X = df_heart[["Age", "MaxHR", "RestBP"]].values
X_orig = X.copy()
# Configure Plotly to be rendered inline in the notebook.
plotly.offline.init_notebook_mode()
# Configure the trace.
trace = go.Scatter3d(
x=X[:,0],
y=X[:,1],
z=X[:,2],
mode="markers",
name="Original Data",
marker={
"size": 10,
"opacity": 0.8,
}
)
# Configure the layout.
layout = go.Layout(
margin={"l": 0, "r": 0, "b": 0, "t": 0},
scene=go.layout.Scene(
xaxis=go.layout.scene.XAxis(title="Age"),
yaxis=go.layout.scene.YAxis(title="MaxHR"),
zaxis=go.layout.scene.ZAxis(title="RestBP")
)
)
data = [trace]
plot_figure = go.Figure(data=data, layout=layout)

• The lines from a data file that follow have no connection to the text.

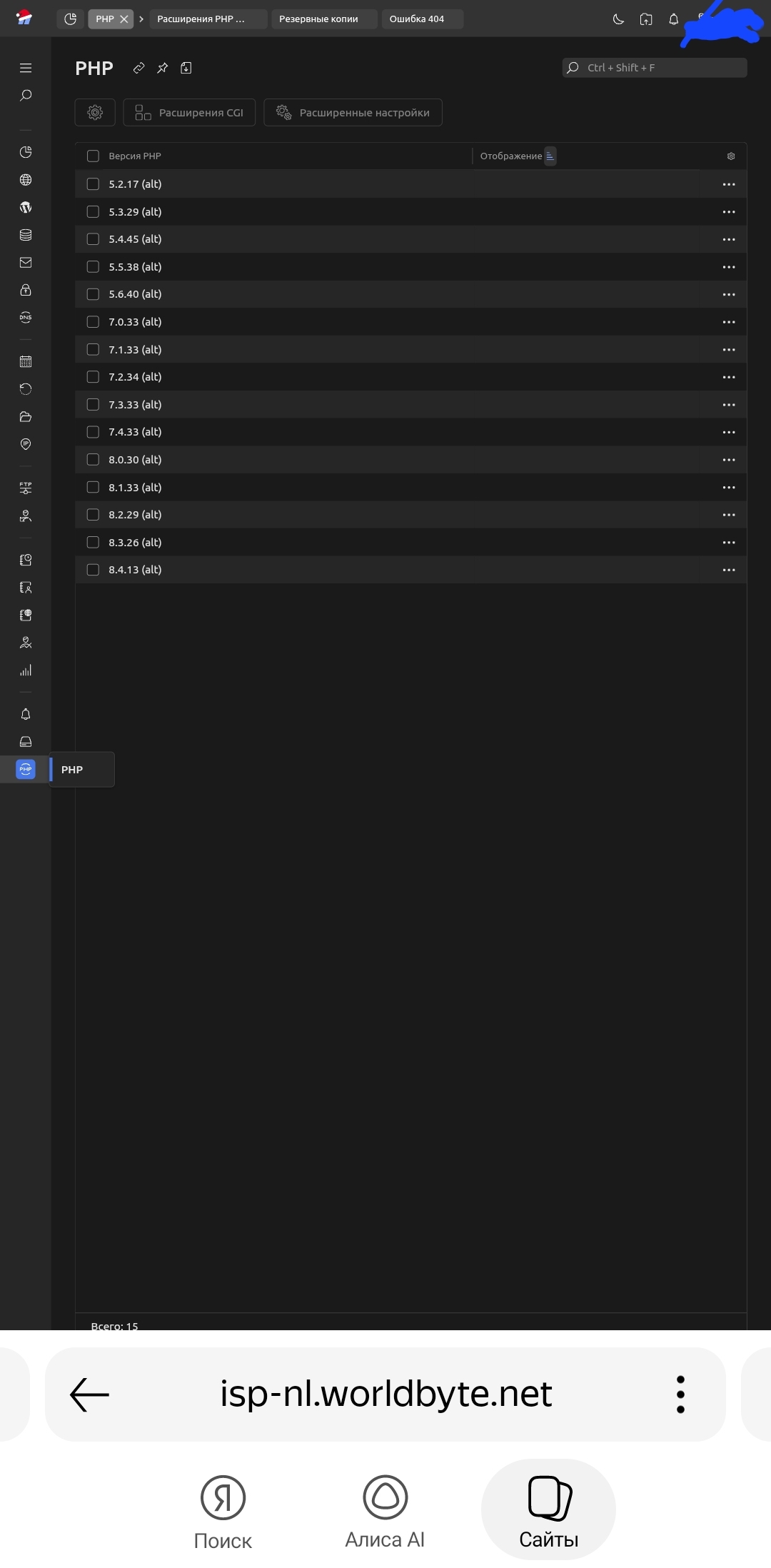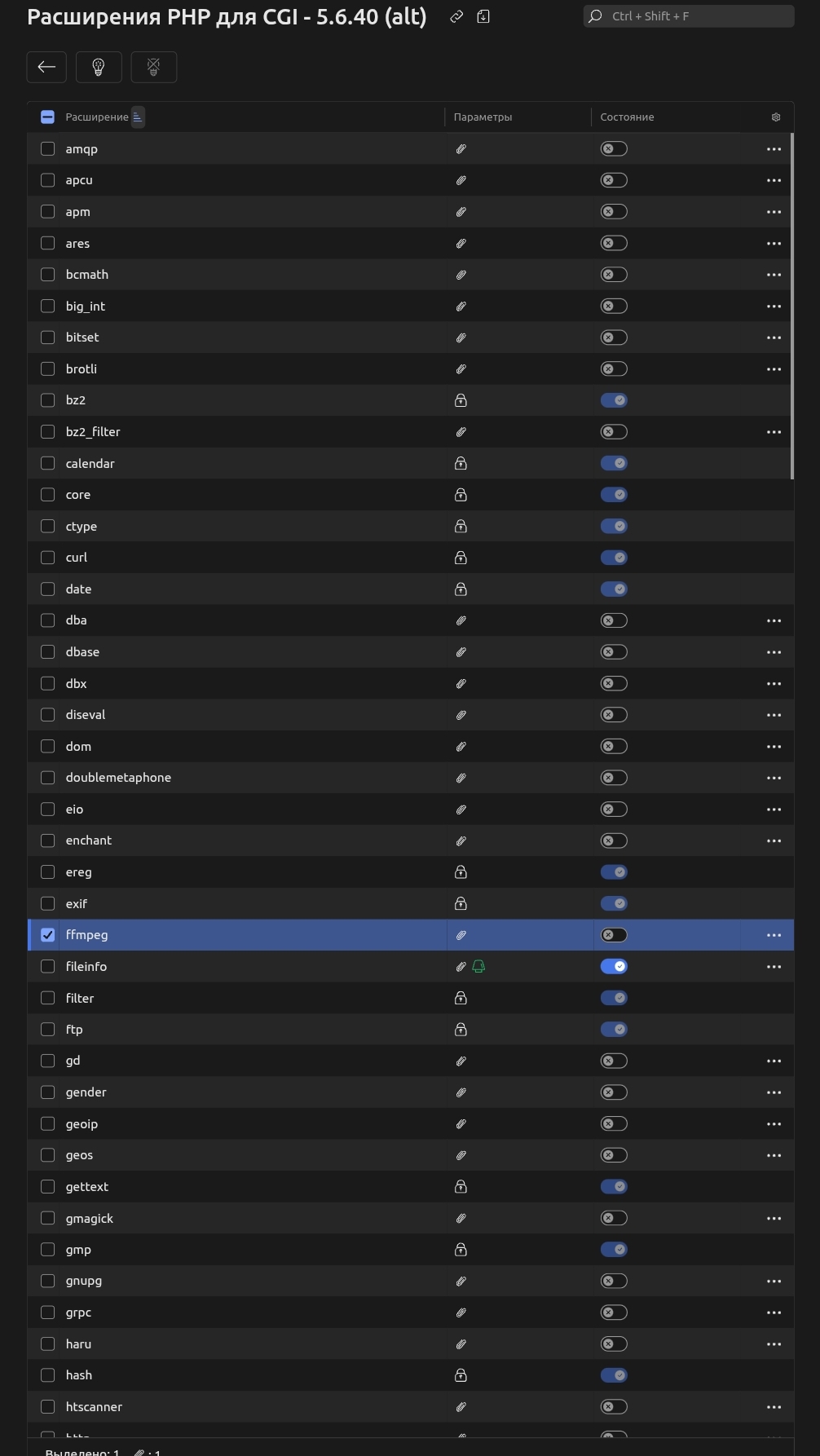 WorldByte активно использует панель ISPmanager 5/6. Если FFmpeg был удален, но отображается в списке расширений:
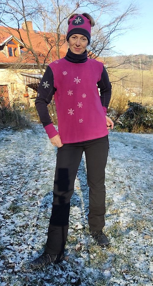 Zdobená vyšívanými vločkami - má kresba převedená do stehů
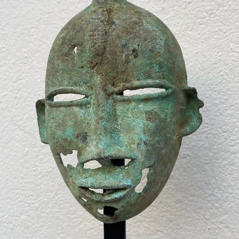 Bronzemaske Muria, en rituel antropomorf maske fra Muria-stammene i Bastar i Madhya Pradesh, Indien, dateret til slutningen af 1800-tallet til 1900-tallet, ca. 19,5 cm høj, fra privat samling og i velholdt stand. Klik på den blå "gå til varen" knap, for at købe eller byde på denne vare. Den samlede pris vil blive vist inden du afgiver dit bud.

## Remove smallest eigenvalues
X = X_orig - X_orig @ np.outer(w_2, w_2) - X_orig @ np.outer(w_3, w_3)
# Configure the trace.
trace = go.Scatter3d(
x=X[:,0],
y=X[:,1],
z=X[:,2],
mode="markers",
name="Data Along First Eigenvector",
marker={
"size": 10,
"opacity": 0.8,
}
)
data.append(trace)
plot_figure = go.Figure(data=data, layout=layout)
# Render the plot.
plotly.offline.iplot(plot_figure)
As you can see, the red line is only 1 dimensional but the spread between the two furthest points is almost equal to the original data. We can use this to construct curves of how many dimensions are needed to retain a certain amount of variance. For instance, suppose we want to decrease the dimensions of our 7 dimensional dataset so that we may visualize the data more readily. Suppose furthermore we want the data to keep 90% of the original variance.
columns = ["Age", "RestBP", "Chol", "MaxHR", "Sex", "Oldpeak", "Slope"]

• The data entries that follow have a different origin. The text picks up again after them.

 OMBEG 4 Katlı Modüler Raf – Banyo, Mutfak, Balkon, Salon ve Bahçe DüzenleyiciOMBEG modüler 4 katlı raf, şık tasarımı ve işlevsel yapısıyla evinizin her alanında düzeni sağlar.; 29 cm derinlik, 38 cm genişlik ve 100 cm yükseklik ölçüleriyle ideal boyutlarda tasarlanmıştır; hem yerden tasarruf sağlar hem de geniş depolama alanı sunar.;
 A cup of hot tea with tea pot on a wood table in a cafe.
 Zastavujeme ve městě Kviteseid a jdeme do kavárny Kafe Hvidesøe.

X = df_heart[columns].values
mu = np.mean(X, axis=0)
S = (X - mu).T @ (X - mu) / (len(X) - 1)
total_variance = np.diag(S).sum()
print(f"Total variance is: {total_variance}")
n = len(columns)
var_arr = []
eigenvector_arr = []
for i in range(n):
eigen_values, eigen_vectors = scipy.linalg.eig(S)
w = np.real(eigen_vectors[:, np.argmax(eigen_values)])
eigenvector_arr.append(w)
X = X - X @ np.outer(w, w)
mu = np.mean(X, axis=0)
S = (X - mu).T @ (X - mu) / (len(X) - 1)
variance = np.diag(S).sum()
var_arr.append((total_variance-variance)/total_variance)

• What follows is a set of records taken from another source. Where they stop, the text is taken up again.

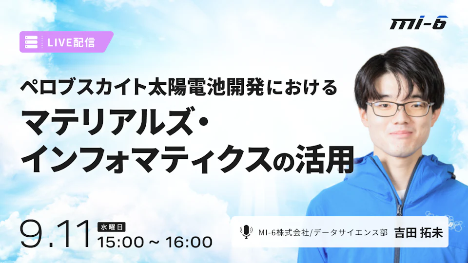 持続可能な社会の実現に向けて、太陽電池は太陽光発電における中心的な要素として注目されています。その中でもペロブスカイト太陽電池は次世代の太陽電池として非常に注目されており、研究開発が盛んに行われています。しかし、さまざまな企業や大学で研究が進められているものの、実用化にはまだまだ課題も多く残っているのが現状です。本セミナーでは、ペロブスカイト太陽電池の概要やその開発における課題に対してマテリアルズ・インフォマティクスでどのようなアプローチが取れるのかという点についてご説明します。
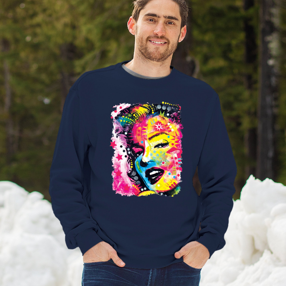 DEAN RUSSO COLORFUL MARILYN sweatshirt neon hot symbol starlet crewneck navy blue
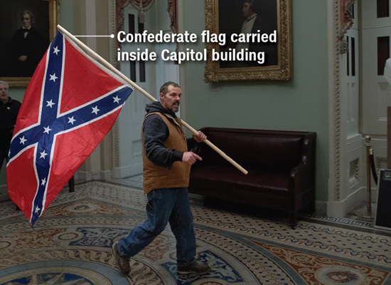 خلال الحرب الأهلية الطويلة، لم يظهر علم الكونفدرالية على مقربة من مبنى الكابيتول الأمريكي، ولكن يوم الأربعاء، حمل أحد المشاغبين علم الكونفدرالية متجولا به في أرجاء الكابيتول.
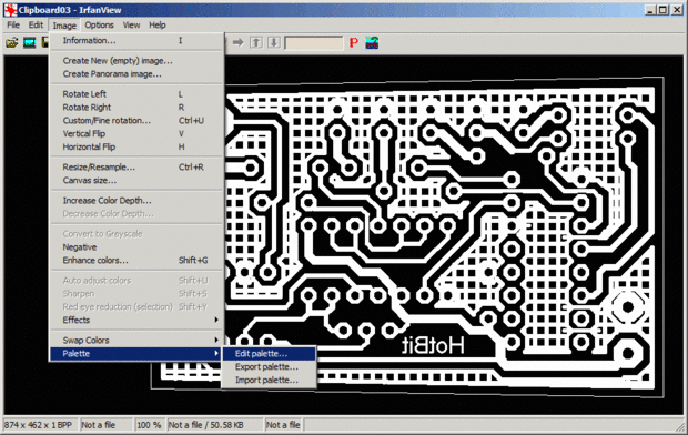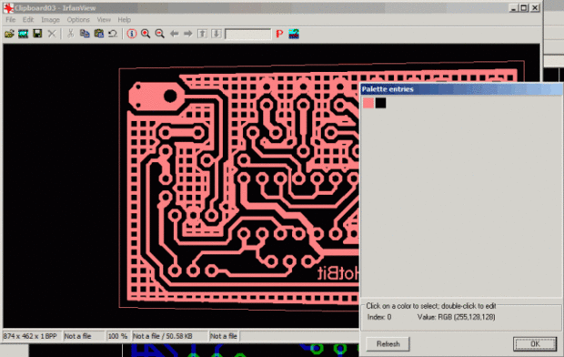 Ahora vamos a imagen -> paleta -> Editar paleta... menú de Irfanview, haga clic dos veces en la caja blanca para cambiar el color blanco para el color que aparecerá como pistas, pads y vias. Prefiero utilizar el color salmón, (RGB: 255,128,128) por dos razones:

sns.lineplot(x=list(range(1, n+1)), y=var_arr)
plt.xlabel("Number of Components")
plt.ylabel("Proportion of Total Variance")
print(var_arr)
So we see that 2 dimensions keeps almost 90% of the original variance and when we jump to 3 dimension it keeps 98% of the original data. Of course, this is a very common task for PCA and so is provided by many packages.
X = df_heart[columns].values
pca = PCA().fit(X)
print(pca.explained_variance_ratio_)
So, we can compress our data in 2 dimensions and now visualize our 7 dimensional dataset.
n_components = 2
X_hat = pca.transform(X)[:,:n_components]
sns.scatterplot(x=X_hat[:,0], y=X_hat[:,1], hue=df_heart["AHD"], legend="full")
plt.xlabel("First PCA Component Vector (Z1)")
plt.ylabel("Second PCA Component Vector (Z2)");
_ = plt.axis("equal")
To summarize, PCA is not a tool to help you make better predictions. It cannot be because it is simple linear transformations of the data. However, it gives one a way to compress the data and to better visualize it without losing information. In the lens of compression, PCA can be thought of as feature engineering as your new compressed data retains much of the information that is now exogenous of the dataset.